| Work instruction |
Extract the run of lines that starts at the top of the records below and ends at the line with "Both designs were", keeping both ends and excluding pictures.

[Opening Information provided section]

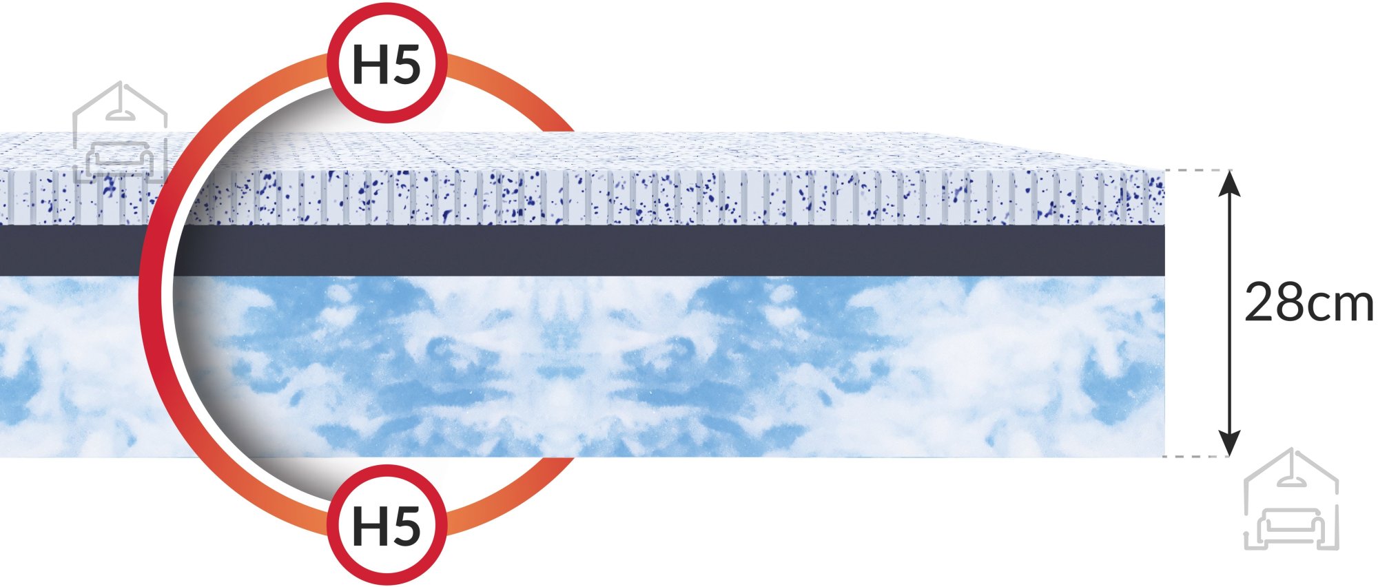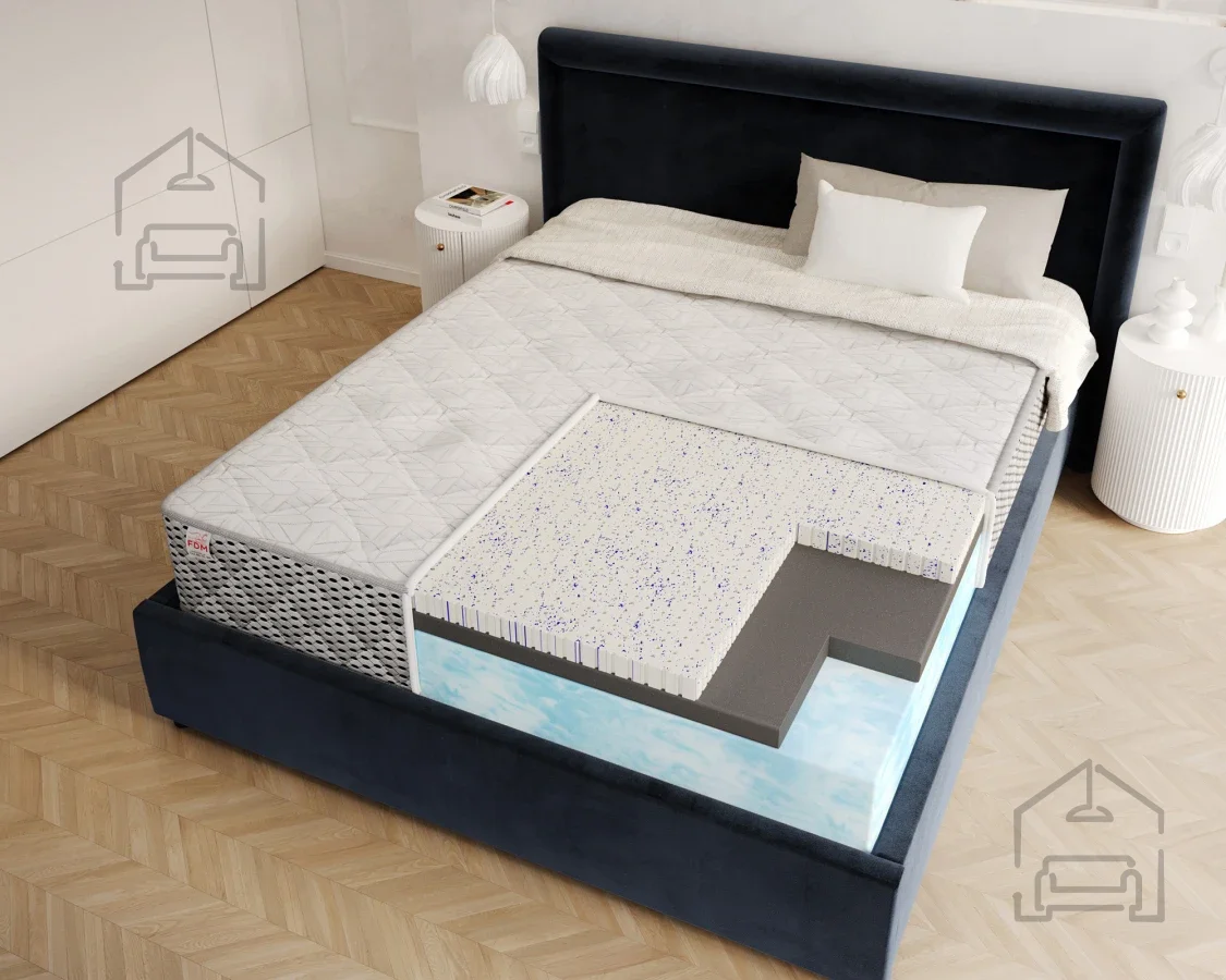 - Begrenzte Feuchtigkeitsansammlung – trockenere Schlafumgebung. Feuchtigkeit dringt nur bis zu einer Schicht in die Matratze ein, was verhindert, dass die Matratze Feuchtigkeit in die Tiefe zieht, und sie trocknet schneller.
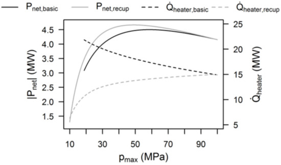 Both designs were calculated for a minimum pressure of 75 bar, a minimum temperature of 35 °C, a terminal temperature difference of 5 K, an efficiency of the turbine of 90%, an efficiency of the compressor of 85% and an efficiency of the recuperator of 90%.
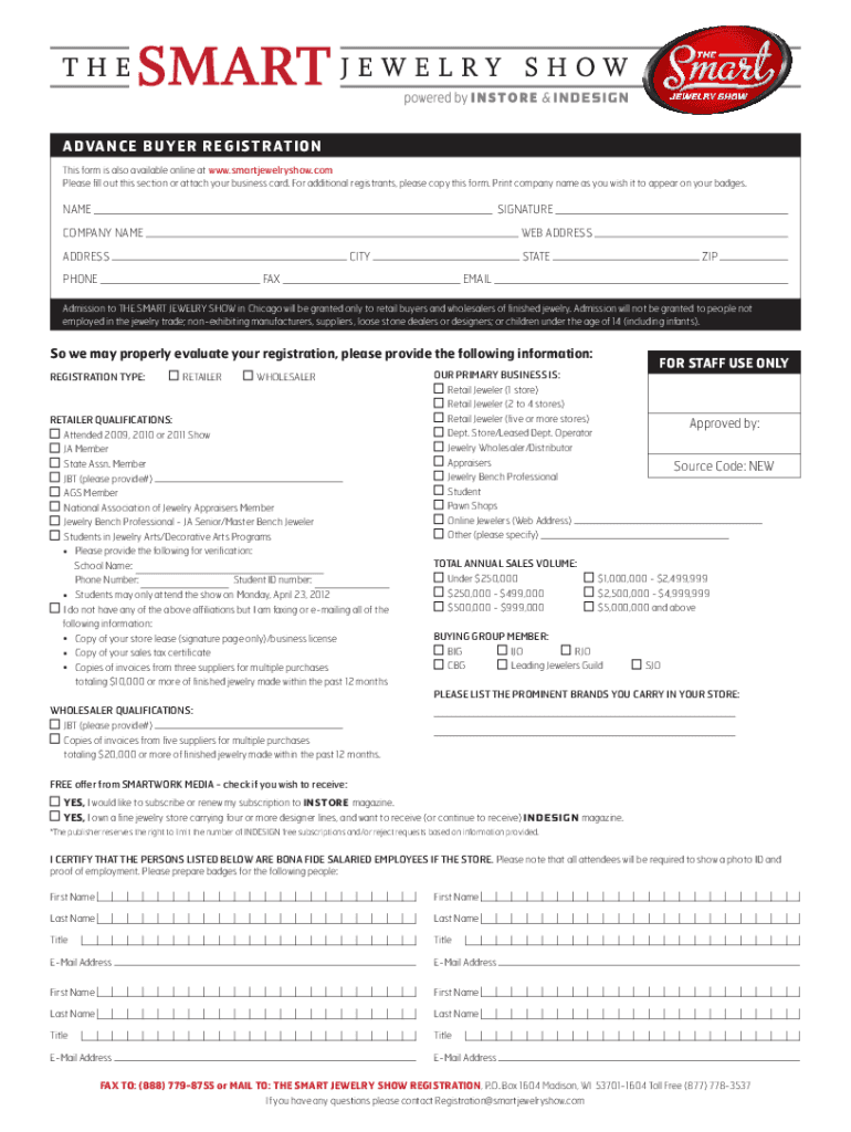 This form is also available online at www.smartjewelryshow.com
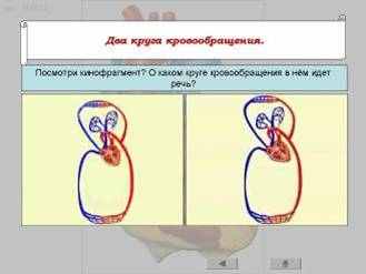 ![]() | В качестве закрепления учитель показывает два кинофрагмента. Учащиеся должны определить, о каком круге кровообращения в нем идёт речь. Этот слайд является завершающим для первого урока. Далее следует подведение итогов и домашнее задание.
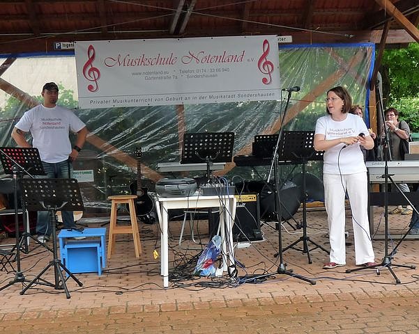 Autor: khhDie Musikschule Notenland machte schon vor dem Eingang auf den heutigen Tag der offenen Tür aufmerksam. Musikschüler spielten für die bei diesem Wetter wenigen Passanten, oder die zielgerecht kommenden Besucher.

[Closing Information provided section]

| Answer below |
 - Begrenzte Feuchtigkeitsansammlung – trockenere Schlafumgebung. Feuchtigkeit dringt nur bis zu einer Schicht in die Matratze ein, was verhindert, dass die Matratze Feuchtigkeit in die Tiefe zieht, und sie trocknet schneller.
 Both designs were calculated for a minimum pressure of 75 bar, a minimum temperature of 35 °C, a terminal temperature difference of 5 K, an efficiency of the turbine of 90%, an efficiency of the compressor of 85% and an efficiency of the recuperator of 90%.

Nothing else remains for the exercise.